Menurut Fahri, pertumbuhan jumlah keluarga di Indonesia tidak sebanding dengan penambahan jumlah rumah yang tersedia. Hal ini mengakibatkan pasar perumahan semakin tertekan dan sulit diakses oleh masyarakat. Data menunjukkan bahwa populasi Indonesia saat ini sekitar 289,5 juta jiwa. Jumlah keluarga telah meningkat signifikan dari 74-78 juta pada tahun 2023-2024 menjadi 93,1 juta keluarga saat ini.

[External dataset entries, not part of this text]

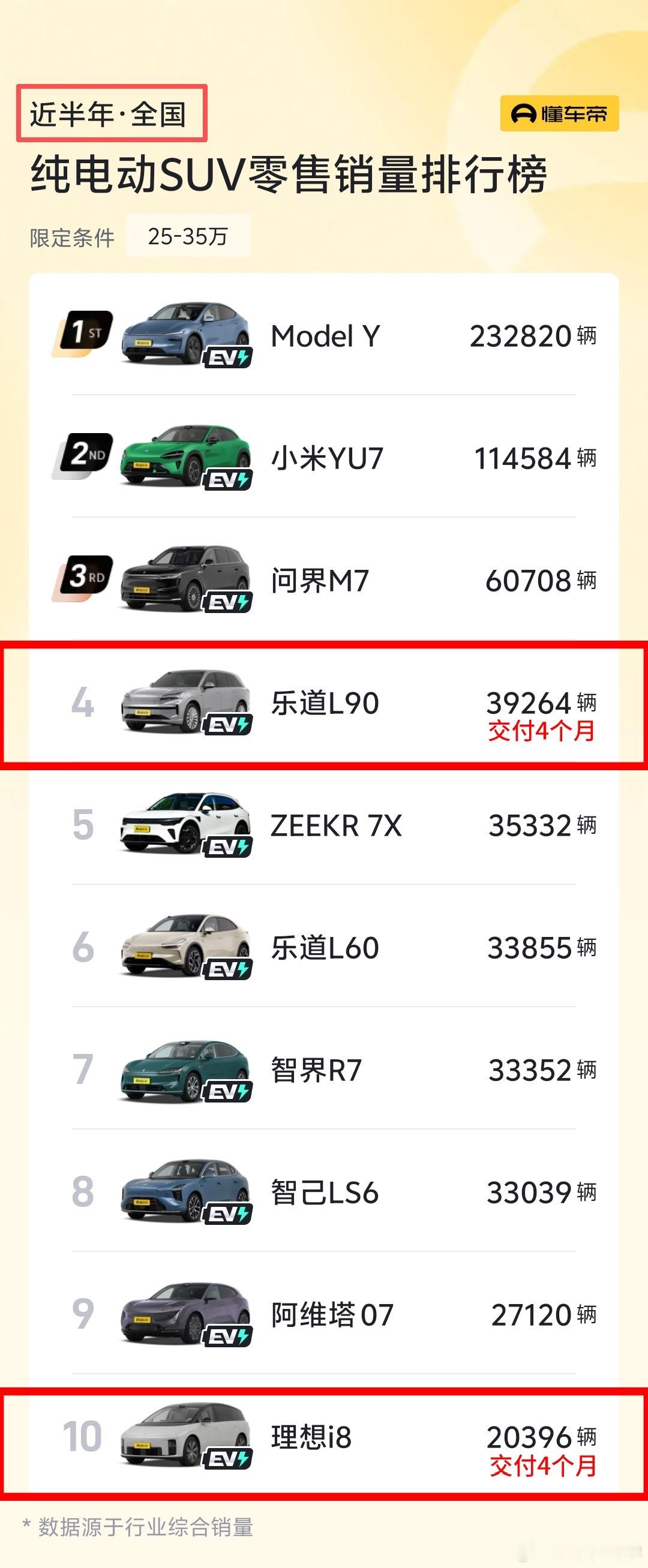 乐道L90,在目前这个逆势环境,大趋势销量下降的环境中干了啥?答案是啥也没干。既没有降价换销量。也没有搞特别的促销。然后乐道L90就稳居销量榜第4名,还是用仅交付4个月的成绩,干了一票交付半年的车型!要知道到今年下半年进入9月之后,地方补贴退坡了,整个车市一下转凉,行业当中有多少品牌扛不住,降价稳销量,乐道L90价格稳如老狗,竟然还干到了大型SUV前3的位置,累计销量是同期上市理想i8的两倍,对,几乎就是两倍。有人说你不要沾沾自喜,看前面还有更厉害的选手。没错,华为问界M8M9两个大山在前,乐道在后,差距也没有想象中大,考虑到乐道和华为的品牌势能完全不在一个档次,这个结果我相信大家也能接受吧?再考虑一下乐道L90的均价已经基本上和奥迪在一个档次了,谁再跟我说乐道是平价品牌,是不是有点不尊重自己国人的品牌努力向上的大好势头?大环境向下的情况下,乐道在向上是不是显得有点尤为可贵?接下来就是稳住销量势头,继续向大哥问界M89双雄看齐的节奏,乐道还有什么牌呢?L80行业颠覆性大五座明年就来,端到端上车智能驾驶体验持续增加,换电站持续增加,换电站电池数量翻倍,这个春运的乐道车主出行体验,又会有断代性的优势!作为创世版乐道L60车主的我,有点期待这个节奏了。新能源汽车
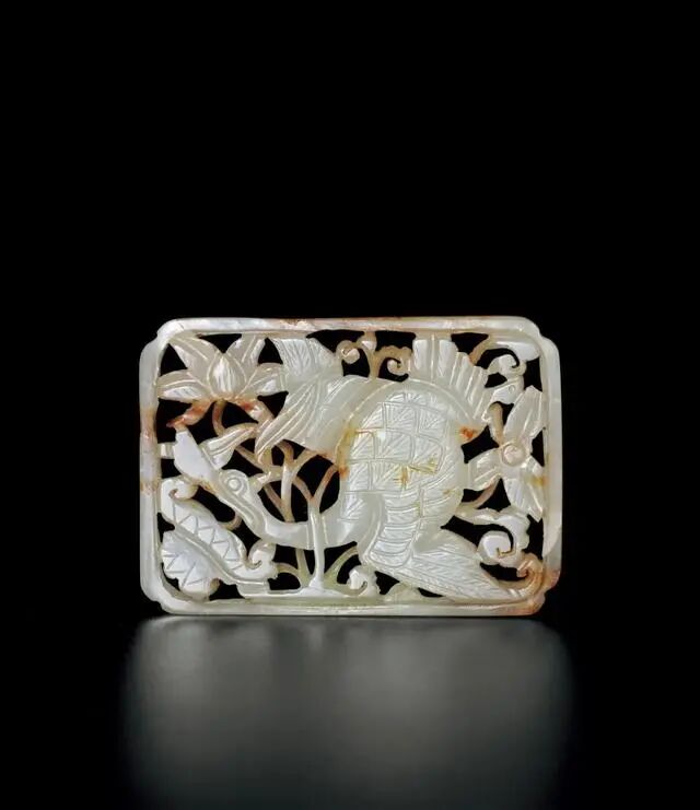 拍品呈长方形,玉质莹润细腻,透雕天鹅穿莲纹饰,天鹅展翅曲颈,身姿轻盈,莲池中荷叶舒展,或立或垂,花朵盛开,水草丰茂,极具生机。此类题材是以北方游牧民族渔猎生活为题材的玉雕作品,俗称“春水玉”,始于辽金时期,整器雕工朴拙,线条有力,时代特征鲜明。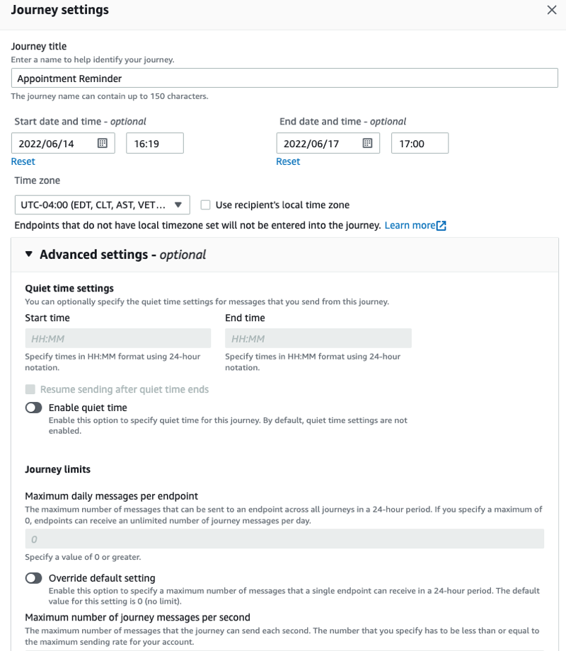 The use of quiet times allows contact center managers to configure a schedule for channel communications based on the day of the week and the hours of the day. More precise delivery times means your customers are most likely to engage with the communication and increase metrics such as open rates for SMS and email, as well as pick-up rates for voice calls. It also allows contact center managers to follow country and state-level voice dialing legislation. The following screenshot shows how you can configure quiet times using Amazon Pinpoint.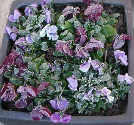 ここまで寒くなると、ビオラは頭を下げるだけでなく、花びらの上の霜の生長が著しい。花びらの縁に長いヒゲがいっぱい。オオ、寒!

Selain itu, terjadi penurunan rata-rata anggota keluarga.
"Rata-rata hanya ada tiga orang dalam satu keluarga. Saya menduga hal ini disebabkan oleh bonus demografi, di mana anak-anak muda yang memasuki usia menikah mengalami kesulitan untuk memiliki rumah sendiri," jelasnya.

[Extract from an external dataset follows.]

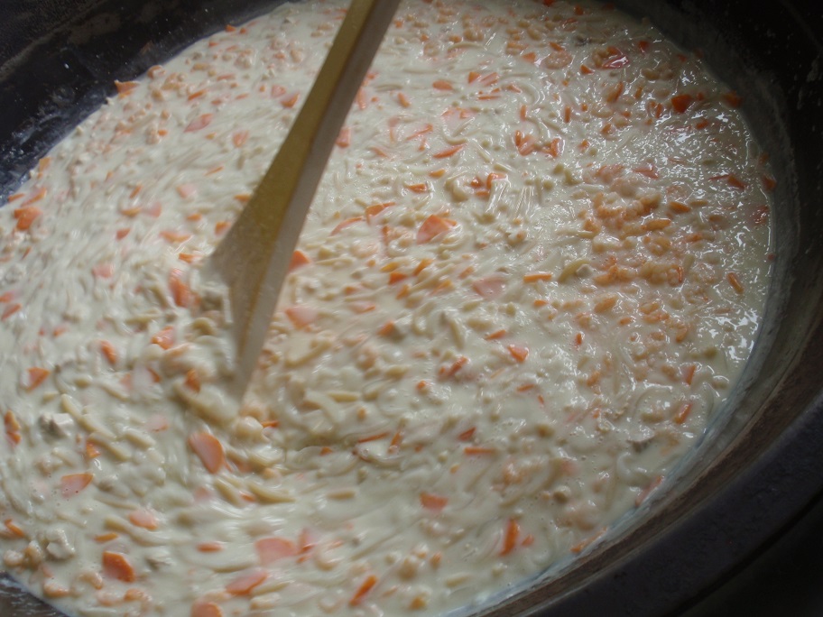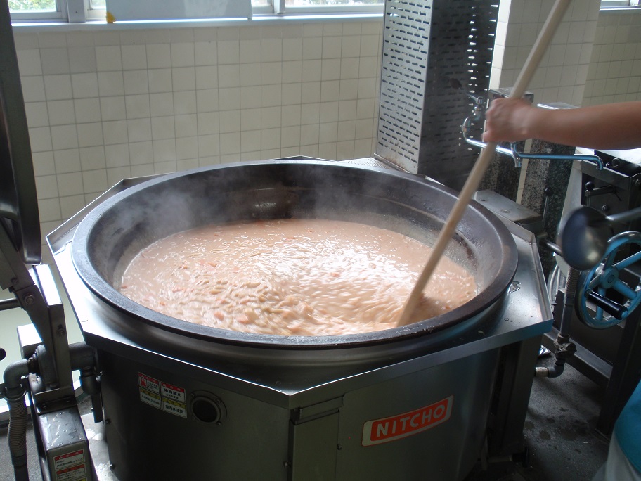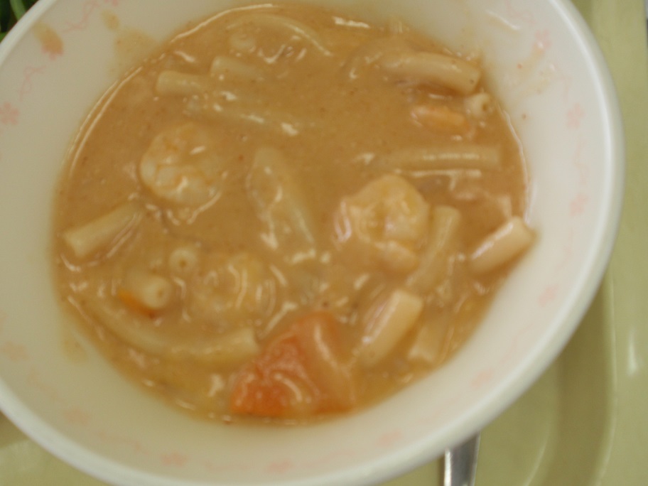 マカロニのヒリヒリ煮は、シチューベースで豆板醤など辛みのある調味料で味付けしています。

Fahri juga menyoroti potensi kesalahan dalam metode pengumpulan data perumahan. Ia mengindikasikan adanya kemungkinan pencampuran antara data rumah sebagai unit fisik dan data keluarga sebagai penghuninya. Untuk mengatasi masalah ini, ia berencana mengundang perwakilan dari sepuluh kementerian terkait untuk membahas dan menyelaraskan data agar diperoleh angka yang lebih akurat dan representatif.

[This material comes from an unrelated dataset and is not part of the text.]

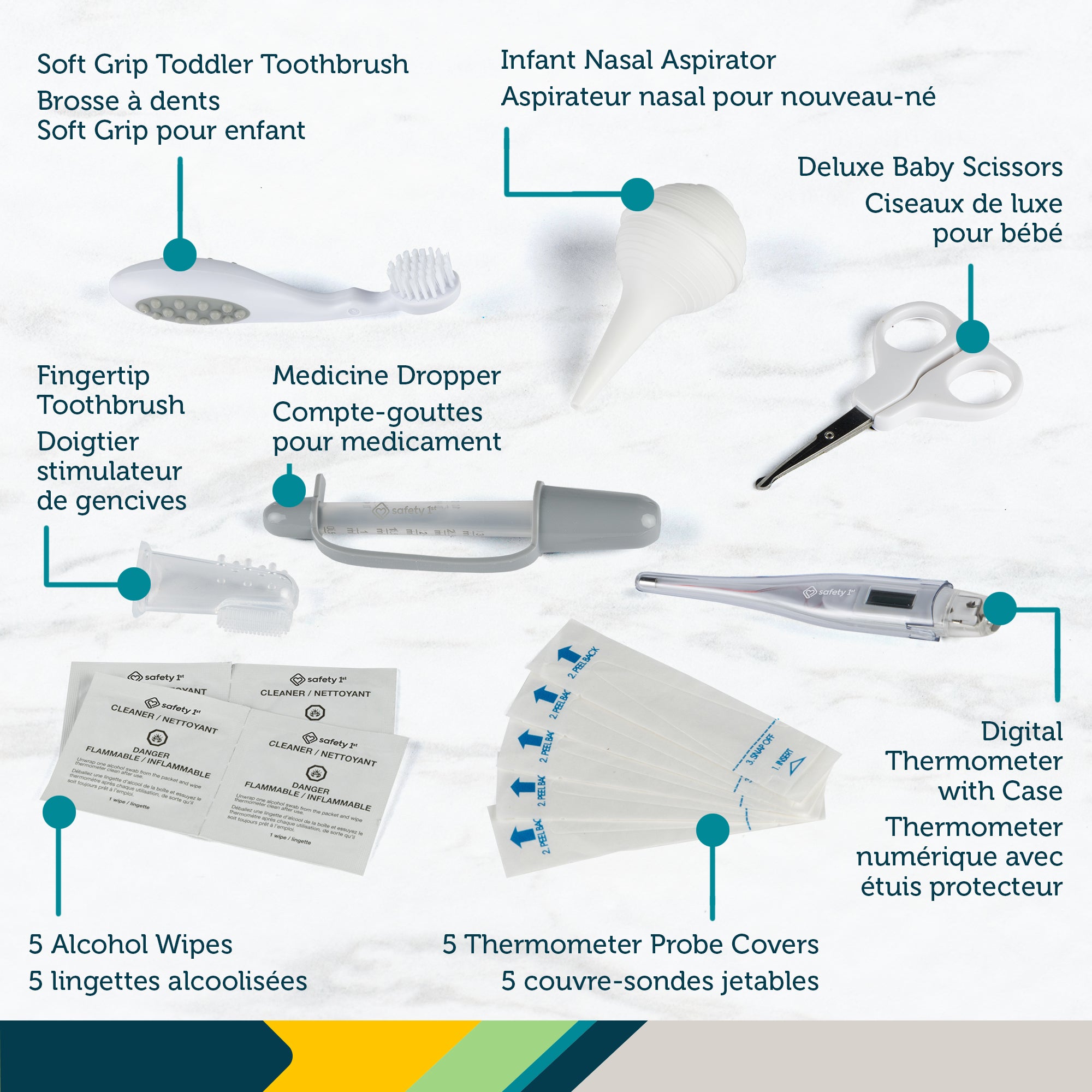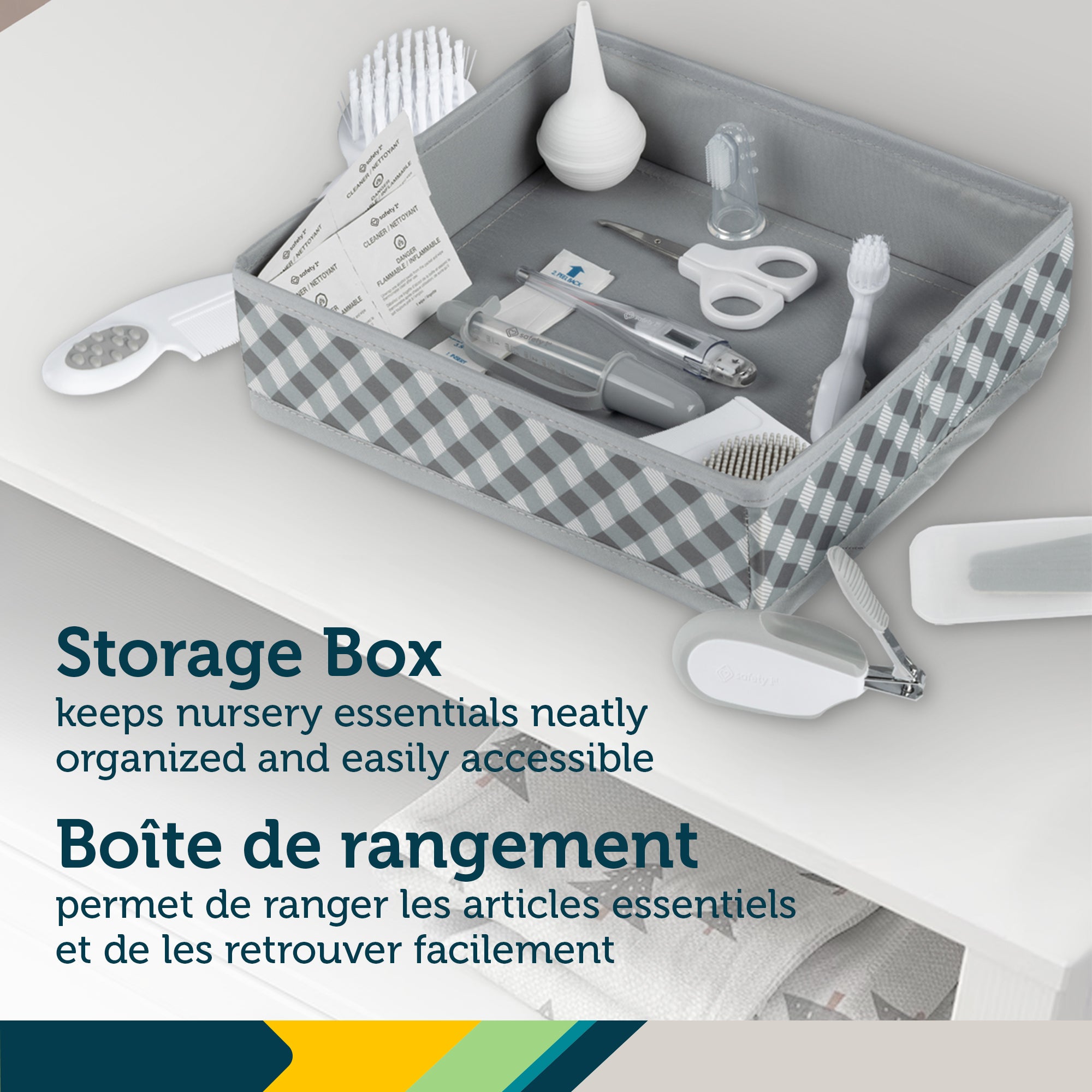 Be prepared for your new infant with the Newborn Essentials Healthcare and Grooming Kit by Safety 1st. With a group of thoughtfully selected products, this kit has you covered. Whether you are helping your little one feel better when sick with the healthcare essentials, or if you're getting them prepared for a photo op with the grooming items, you’ll be ready. Keeping these and other nursery items handy is easy with the included storage box, which gives you a neat space to organize – where ever you need it.

Sebelumnya, mantan Direktur Jenderal Perumahan Kementerian PUPR, Iwan Suprijanto, pernah menyampaikan bahwa berdasarkan Survei Sosial Ekonomi Nasional (Susenas) yang dilakukan oleh BPS, angka backlog perumahan di Indonesia mencapai 9,9 juta unit. Namun, Iwan menekankan bahwa survei tersebut dilakukan dengan metode purposive random sampling sehingga hasilnya memiliki tingkat keyakinan yang terbatas dan hanya dapat dianggap sebagai indikasi, bukan angka riil.
Senada dengan hal tersebut, Herry Trisaputra Zuna, yang pernah menjabat sebagai Dirjen Pembiayaan Infrastruktur Kementerian PUPR, juga mengungkapkan bahwa berdasarkan data Susenas, terdapat 9,9 juta rumah tangga yang belum memiliki rumah. Selain itu, terdapat 26 juta rumah yang tidak layak huni. Dengan demikian, total kebutuhan rumah yang perlu diselesaikan mencapai sekitar 36 juta unit.
"Untuk mengatasi masalah ini, diperlukan solusi yang komprehensif, seperti Kredit Pemilikan Rumah (KPR) atau kredit untuk membangun rumah sendiri bagi mereka yang belum memiliki rumah. Sementara itu, bagi pemilik rumah tidak layak huni, diperlukan kredit renovasi rumah. Kedua hal ini harus diselesaikan secara bersamaan," ujar Herry dalam sebuah konferensi pers mengenai Program Tapera.